The problem: Set down word for word each line from the one containing "二つ目の見学先は、漢字ミュー" through the end of the records, both included. Do not copy any pictures.

Dataset excerpts:
───

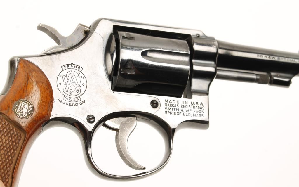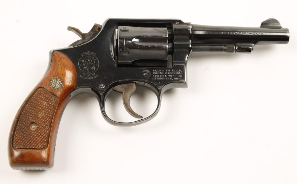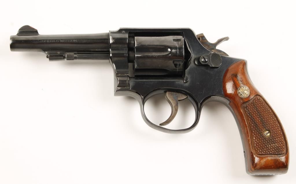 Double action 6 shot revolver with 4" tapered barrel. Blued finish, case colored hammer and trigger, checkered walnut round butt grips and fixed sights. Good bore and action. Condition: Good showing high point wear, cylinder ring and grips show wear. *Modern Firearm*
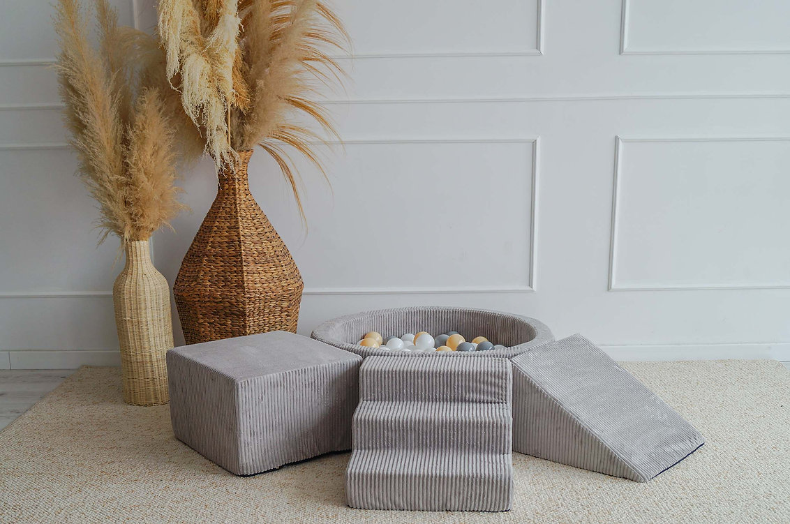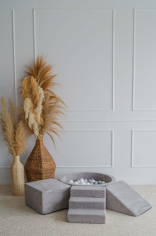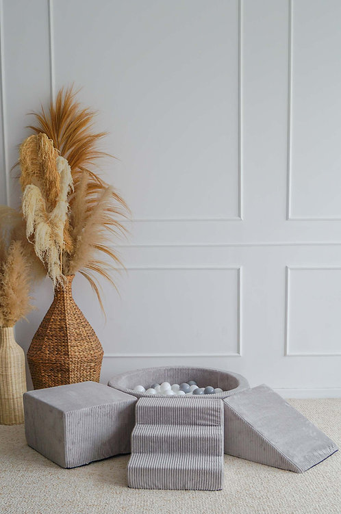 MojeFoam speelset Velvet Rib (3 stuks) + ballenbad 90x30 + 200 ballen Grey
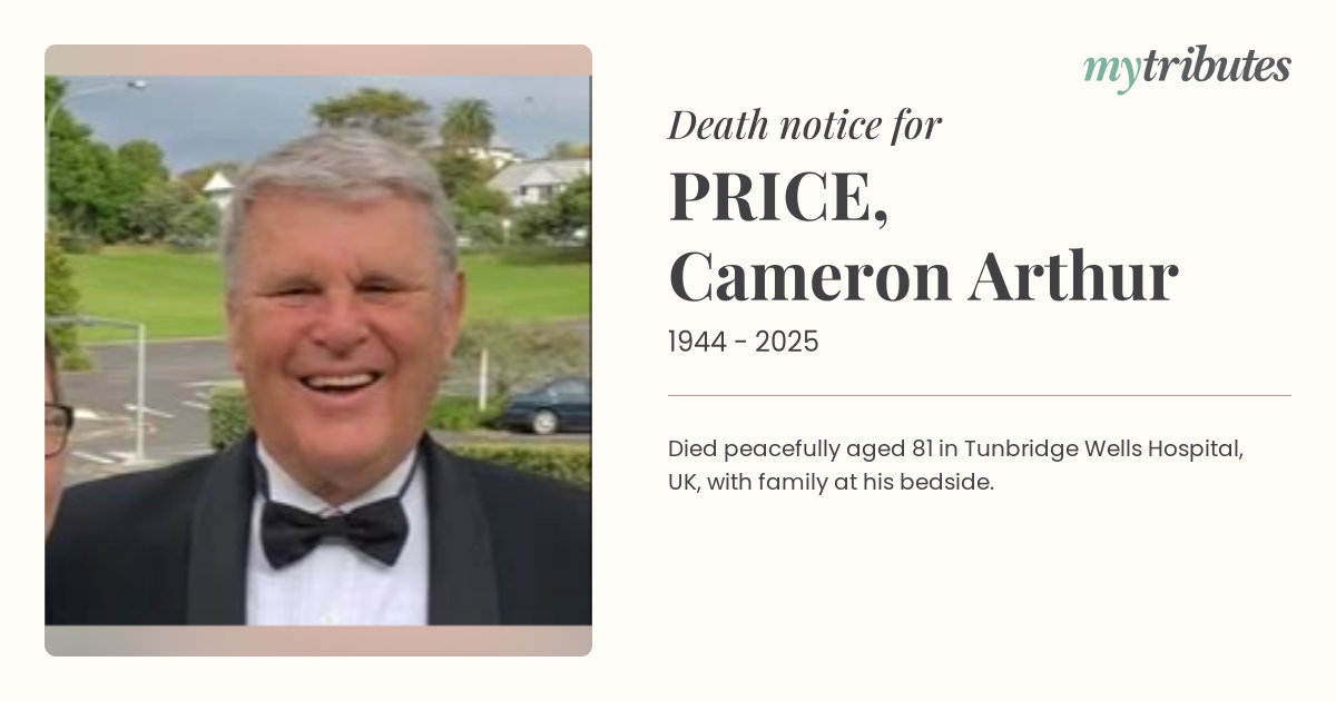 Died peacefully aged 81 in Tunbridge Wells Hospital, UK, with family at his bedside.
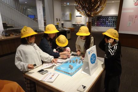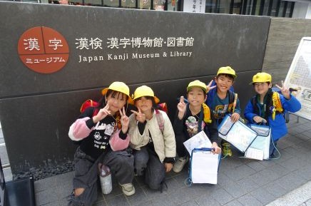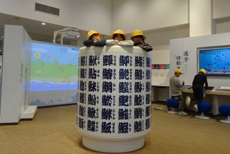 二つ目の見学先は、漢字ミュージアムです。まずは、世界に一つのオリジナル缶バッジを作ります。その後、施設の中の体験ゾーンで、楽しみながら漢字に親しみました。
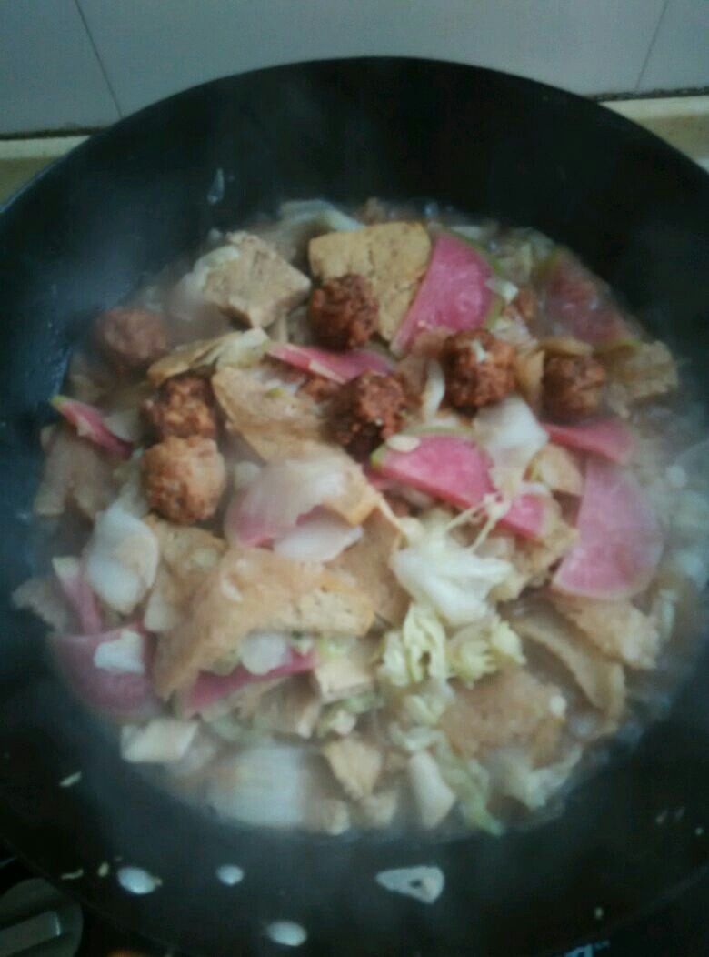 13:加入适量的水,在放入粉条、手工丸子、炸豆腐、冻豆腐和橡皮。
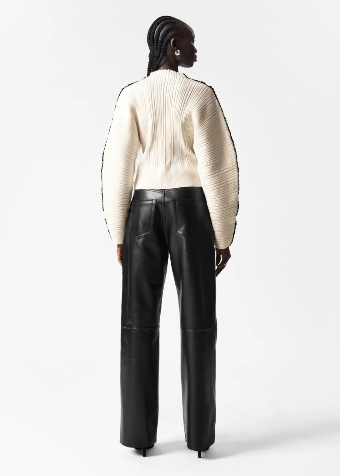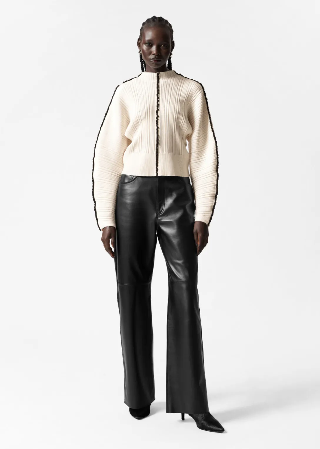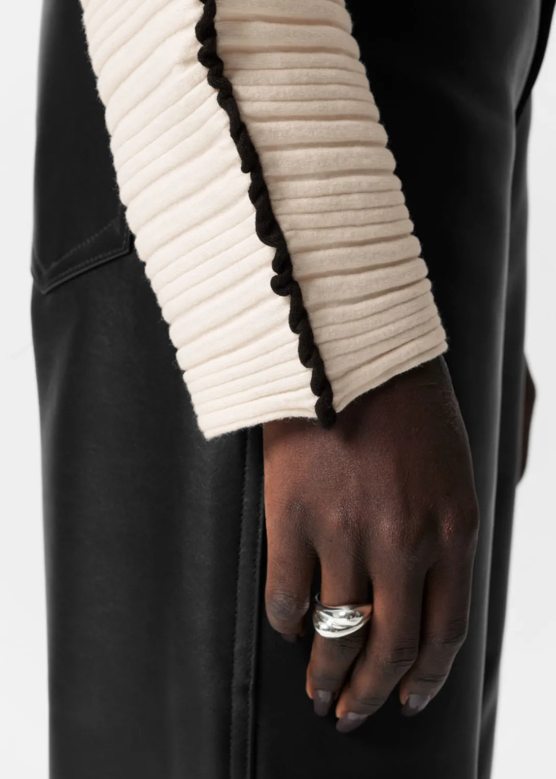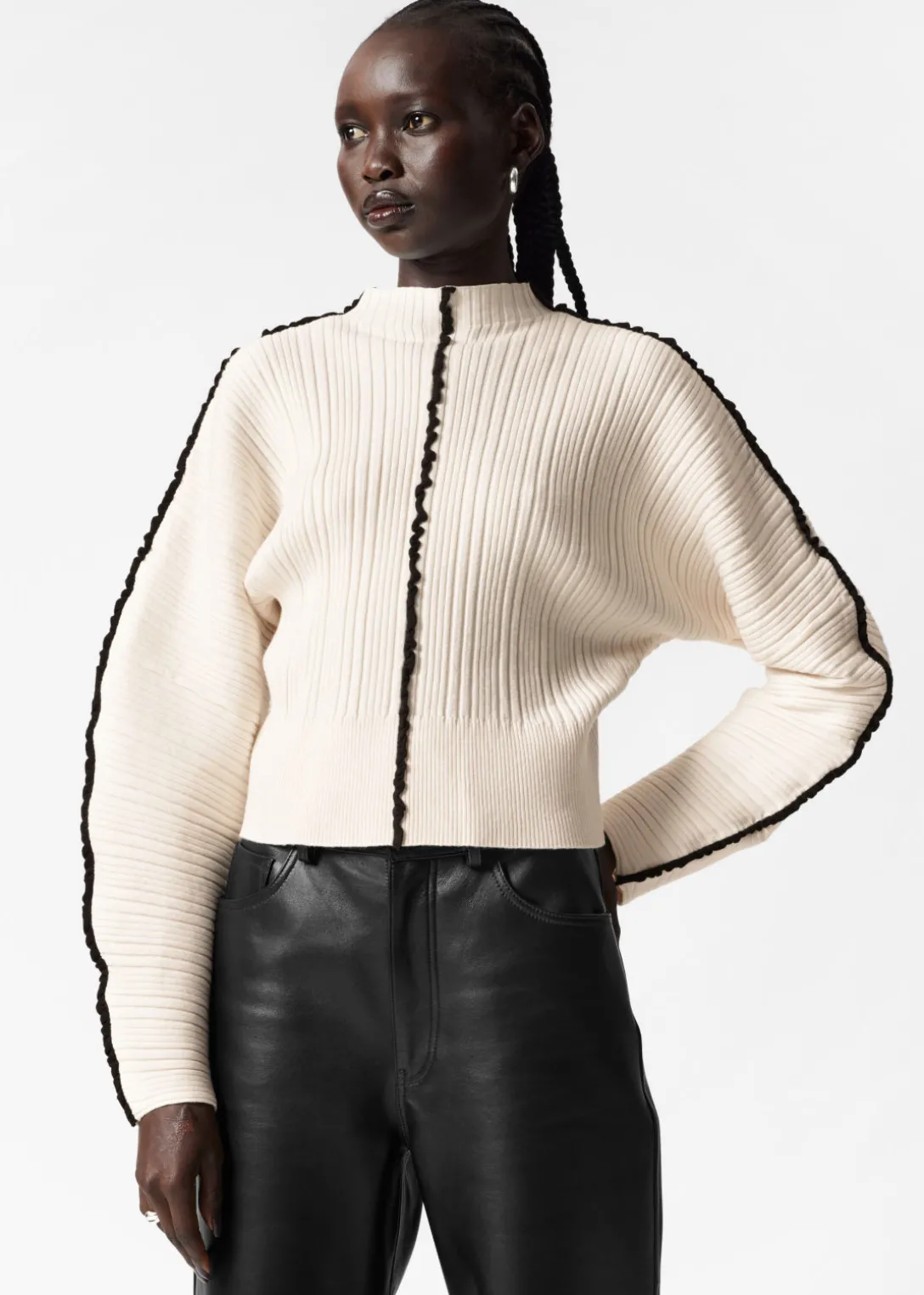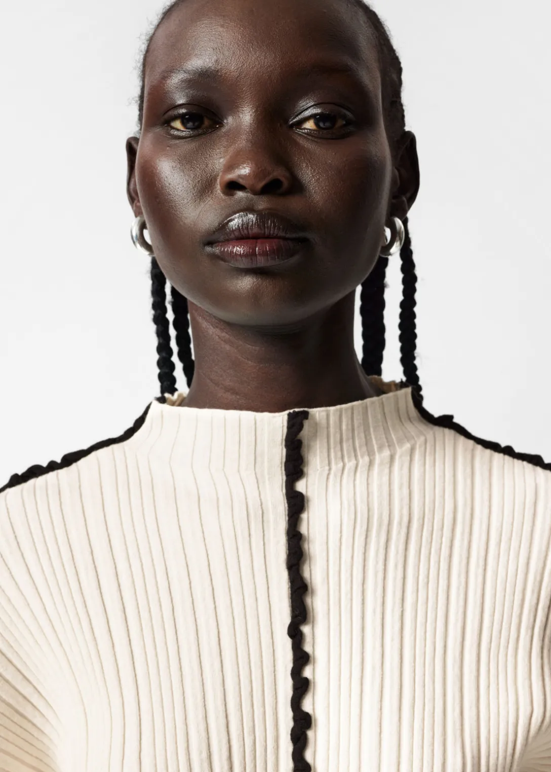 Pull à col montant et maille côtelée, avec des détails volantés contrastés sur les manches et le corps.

───

Your response:
 二つ目の見学先は、漢字ミュージアムです。まずは、世界に一つのオリジナル缶バッジを作ります。その後、施設の中の体験ゾーンで、楽しみながら漢字に親しみました。
 13:加入适量的水,在放入粉条、手工丸子、炸豆腐、冻豆腐和橡皮。
 Pull à col montant et maille côtelée, avec des détails volantés contrastés sur les manches et le corps.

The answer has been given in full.